──────── Given data
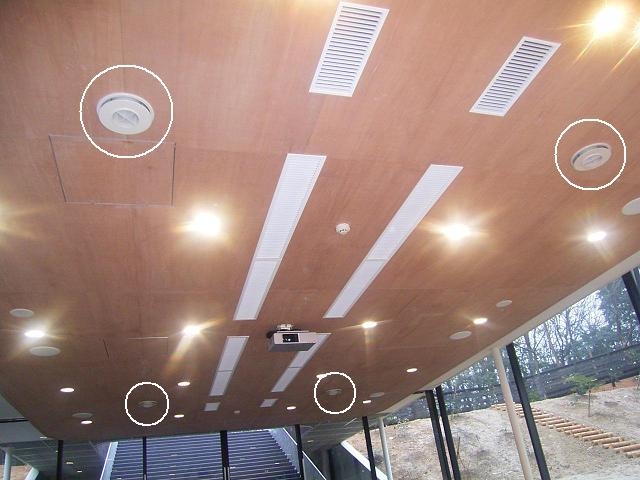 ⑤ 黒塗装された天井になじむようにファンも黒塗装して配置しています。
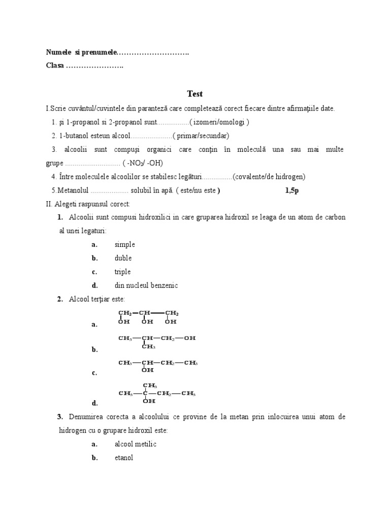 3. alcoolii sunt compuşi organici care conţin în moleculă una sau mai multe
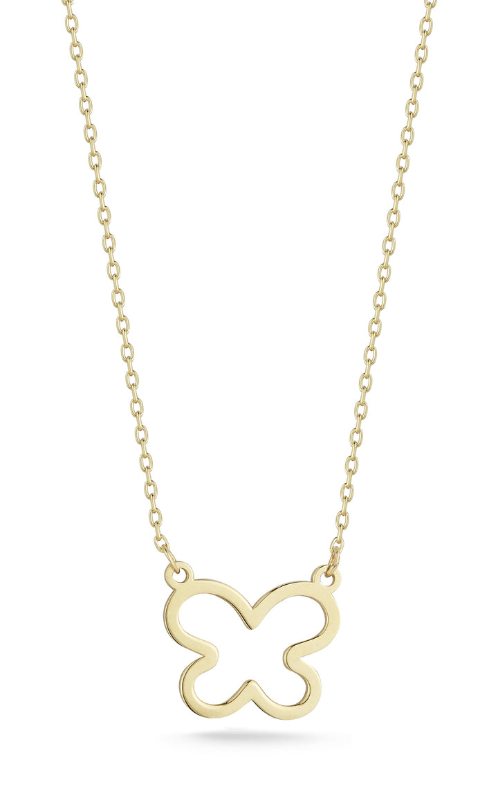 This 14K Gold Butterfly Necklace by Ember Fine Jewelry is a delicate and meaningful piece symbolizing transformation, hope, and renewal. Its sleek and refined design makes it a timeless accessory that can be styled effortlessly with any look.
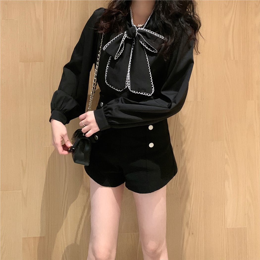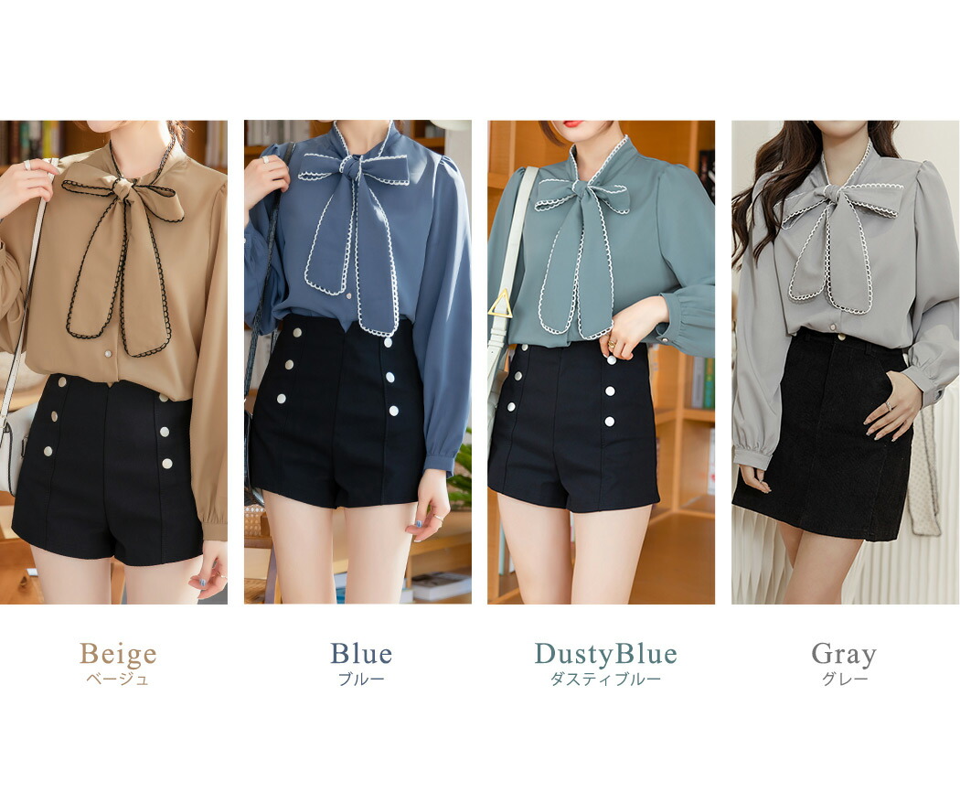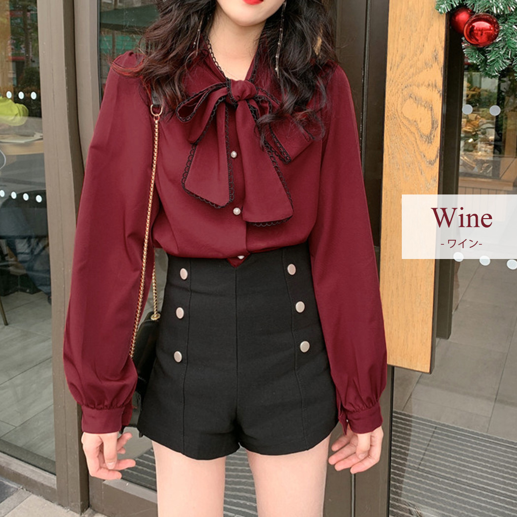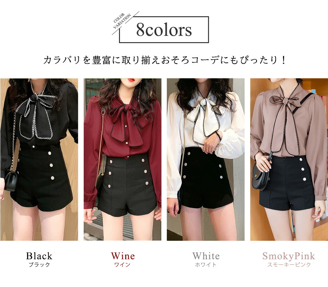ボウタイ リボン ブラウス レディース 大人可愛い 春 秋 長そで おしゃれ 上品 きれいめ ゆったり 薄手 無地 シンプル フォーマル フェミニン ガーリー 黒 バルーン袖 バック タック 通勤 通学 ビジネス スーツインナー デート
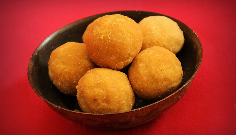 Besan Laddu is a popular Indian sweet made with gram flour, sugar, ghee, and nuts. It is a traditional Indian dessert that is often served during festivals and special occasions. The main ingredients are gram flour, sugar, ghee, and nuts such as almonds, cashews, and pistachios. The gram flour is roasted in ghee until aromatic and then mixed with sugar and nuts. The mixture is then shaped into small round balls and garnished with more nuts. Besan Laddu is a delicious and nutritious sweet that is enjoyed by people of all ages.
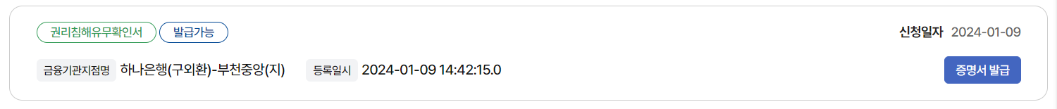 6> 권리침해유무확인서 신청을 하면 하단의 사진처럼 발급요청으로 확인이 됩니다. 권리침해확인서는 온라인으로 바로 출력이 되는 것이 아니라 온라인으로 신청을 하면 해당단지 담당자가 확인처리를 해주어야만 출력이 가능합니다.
────────────────
_Exercise brief:_ Once the line containing "This 14K Gold" has been located, transcribe exactly and only every line from the first line of the entries through it, excluding pictures.

_Answer to the exercise:_
 ⑤ 黒塗装された天井になじむようにファンも黒塗装して配置しています。
 3. alcoolii sunt compuşi organici care conţin în moleculă una sau mai multe
 This 14K Gold Butterfly Necklace by Ember Fine Jewelry is a delicate and meaningful piece symbolizing transformation, hope, and renewal. Its sleek and refined design makes it a timeless accessory that can be styled effortlessly with any look.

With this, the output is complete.